● Collected data entries
____________________
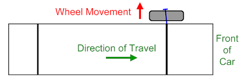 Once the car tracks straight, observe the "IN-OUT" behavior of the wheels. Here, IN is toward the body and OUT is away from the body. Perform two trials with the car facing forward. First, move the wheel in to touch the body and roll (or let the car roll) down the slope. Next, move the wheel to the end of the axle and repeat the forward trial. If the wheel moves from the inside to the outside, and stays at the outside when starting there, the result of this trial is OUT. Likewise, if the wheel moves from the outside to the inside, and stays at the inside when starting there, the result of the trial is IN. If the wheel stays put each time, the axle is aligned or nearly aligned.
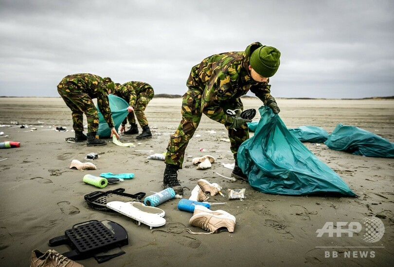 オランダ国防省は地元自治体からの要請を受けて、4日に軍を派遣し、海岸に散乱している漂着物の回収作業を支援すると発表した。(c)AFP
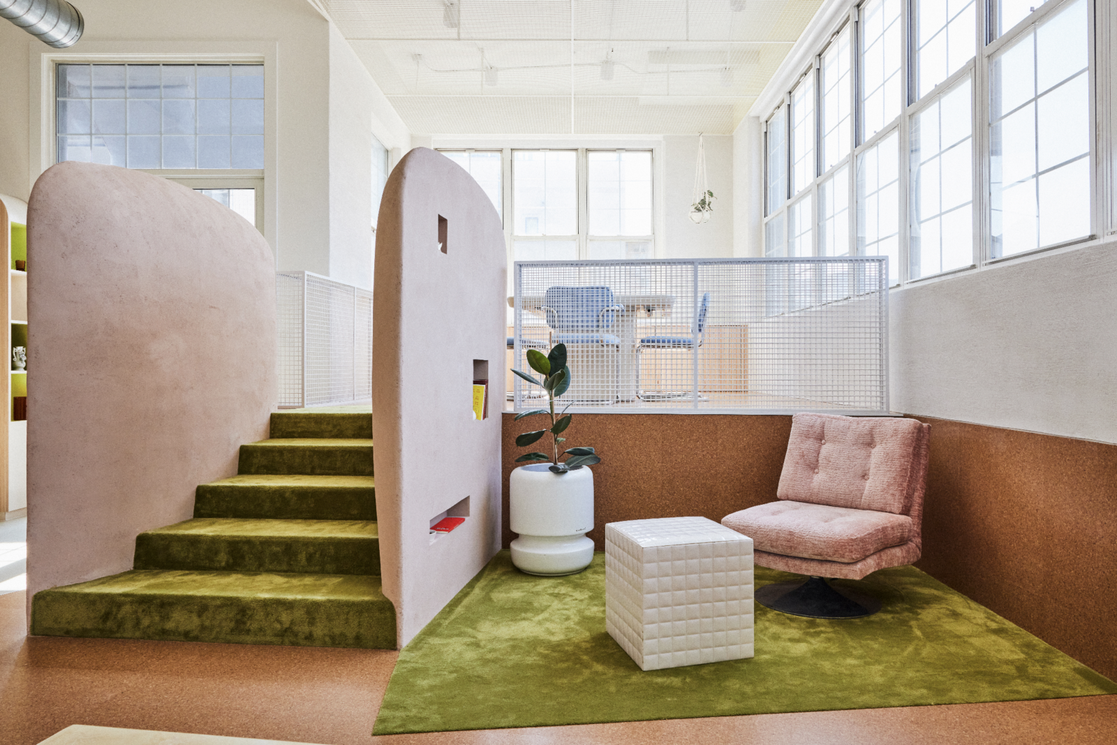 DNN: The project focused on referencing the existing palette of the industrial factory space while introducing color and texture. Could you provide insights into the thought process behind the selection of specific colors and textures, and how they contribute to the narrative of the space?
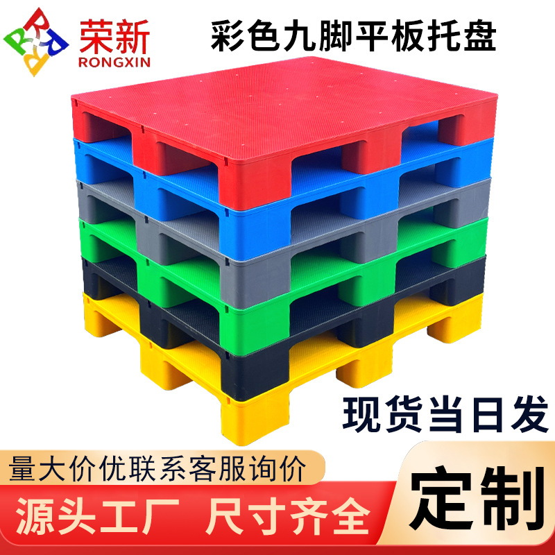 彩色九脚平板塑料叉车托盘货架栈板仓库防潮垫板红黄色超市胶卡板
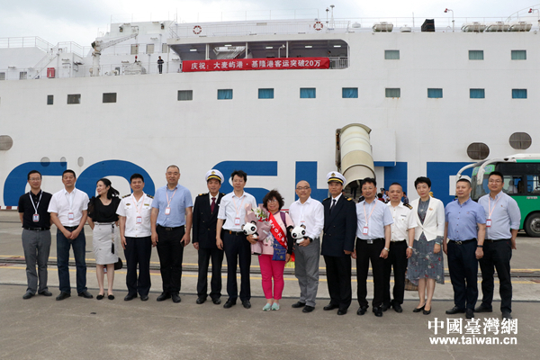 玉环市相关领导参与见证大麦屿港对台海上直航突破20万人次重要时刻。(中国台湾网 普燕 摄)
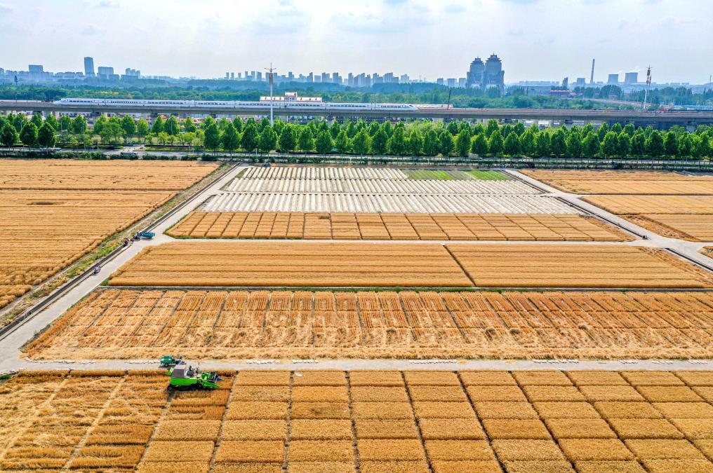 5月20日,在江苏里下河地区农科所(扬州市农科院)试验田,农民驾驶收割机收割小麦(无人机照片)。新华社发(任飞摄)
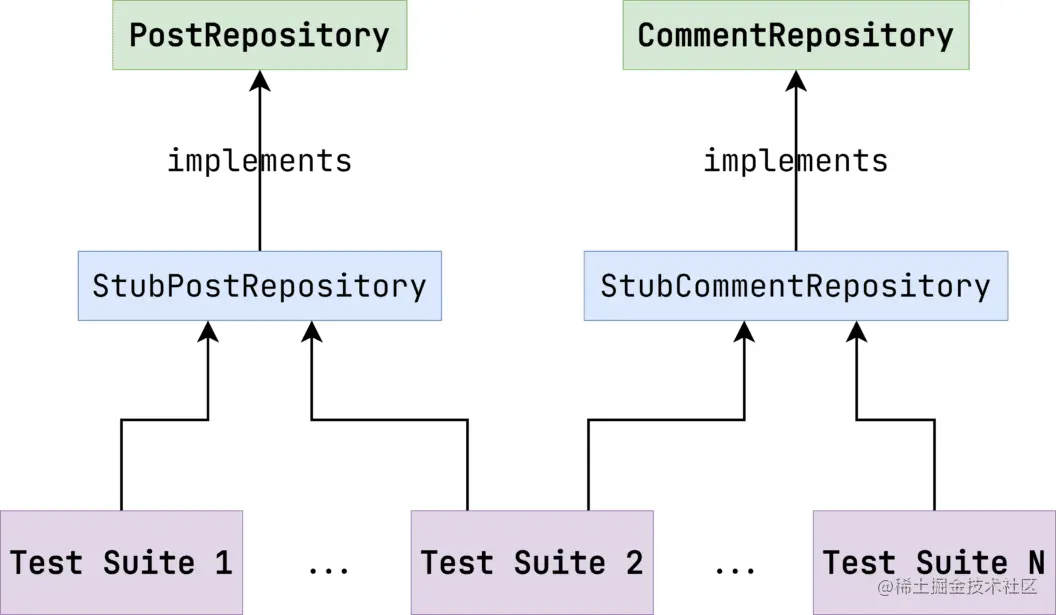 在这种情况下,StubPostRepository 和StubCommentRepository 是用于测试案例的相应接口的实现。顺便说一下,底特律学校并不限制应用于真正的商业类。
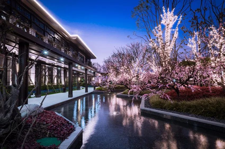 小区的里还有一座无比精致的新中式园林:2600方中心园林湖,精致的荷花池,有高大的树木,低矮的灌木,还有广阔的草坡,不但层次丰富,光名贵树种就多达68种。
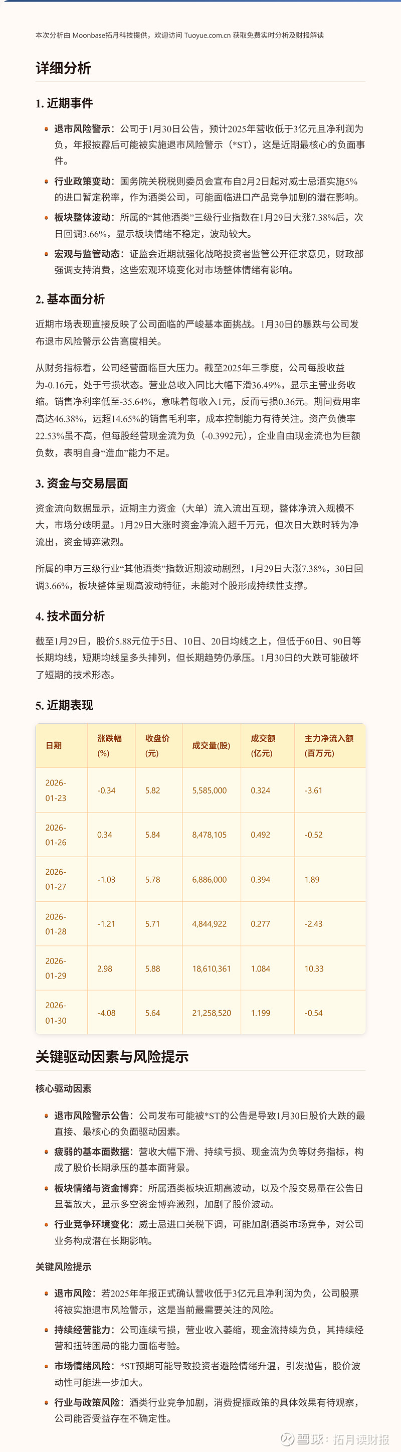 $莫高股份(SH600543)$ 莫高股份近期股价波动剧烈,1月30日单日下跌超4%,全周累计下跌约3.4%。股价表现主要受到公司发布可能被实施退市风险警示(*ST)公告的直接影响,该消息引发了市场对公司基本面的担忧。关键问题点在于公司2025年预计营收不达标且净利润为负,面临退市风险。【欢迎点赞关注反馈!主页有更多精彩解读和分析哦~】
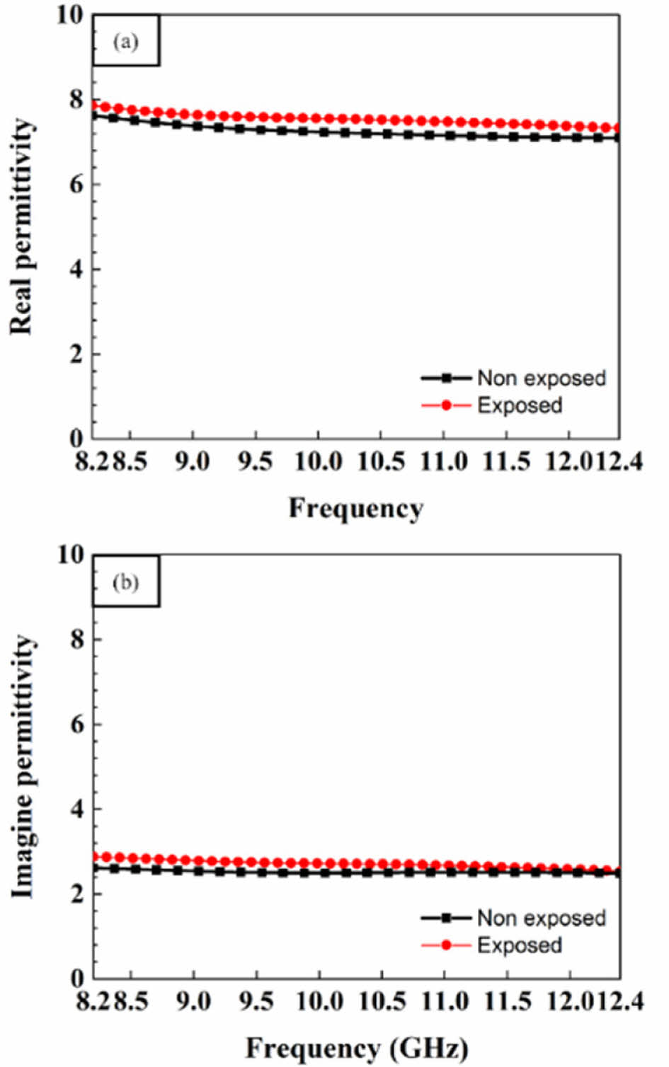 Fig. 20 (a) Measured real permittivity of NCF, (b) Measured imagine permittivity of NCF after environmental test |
____________________
● EXERCISE DESCRIPTION
The expected output is an exact copy of the lines from the top of the data above through the line containing "彩色九脚平板塑料叉车托盘货架栈板仓库防潮垫板红黄色超市胶卡板", both included, with every picture omitted.

● ANSWER TO THIS EXERCISE
 Once the car tracks straight, observe the "IN-OUT" behavior of the wheels. Here, IN is toward the body and OUT is away from the body. Perform two trials with the car facing forward. First, move the wheel in to touch the body and roll (or let the car roll) down the slope. Next, move the wheel to the end of the axle and repeat the forward trial. If the wheel moves from the inside to the outside, and stays at the outside when starting there, the result of this trial is OUT. Likewise, if the wheel moves from the outside to the inside, and stays at the inside when starting there, the result of the trial is IN. If the wheel stays put each time, the axle is aligned or nearly aligned.
 オランダ国防省は地元自治体からの要請を受けて、4日に軍を派遣し、海岸に散乱している漂着物の回収作業を支援すると発表した。(c)AFP
 DNN: The project focused on referencing the existing palette of the industrial factory space while introducing color and texture. Could you provide insights into the thought process behind the selection of specific colors and textures, and how they contribute to the narrative of the space?
 彩色九脚平板塑料叉车托盘货架栈板仓库防潮垫板红黄色超市胶卡板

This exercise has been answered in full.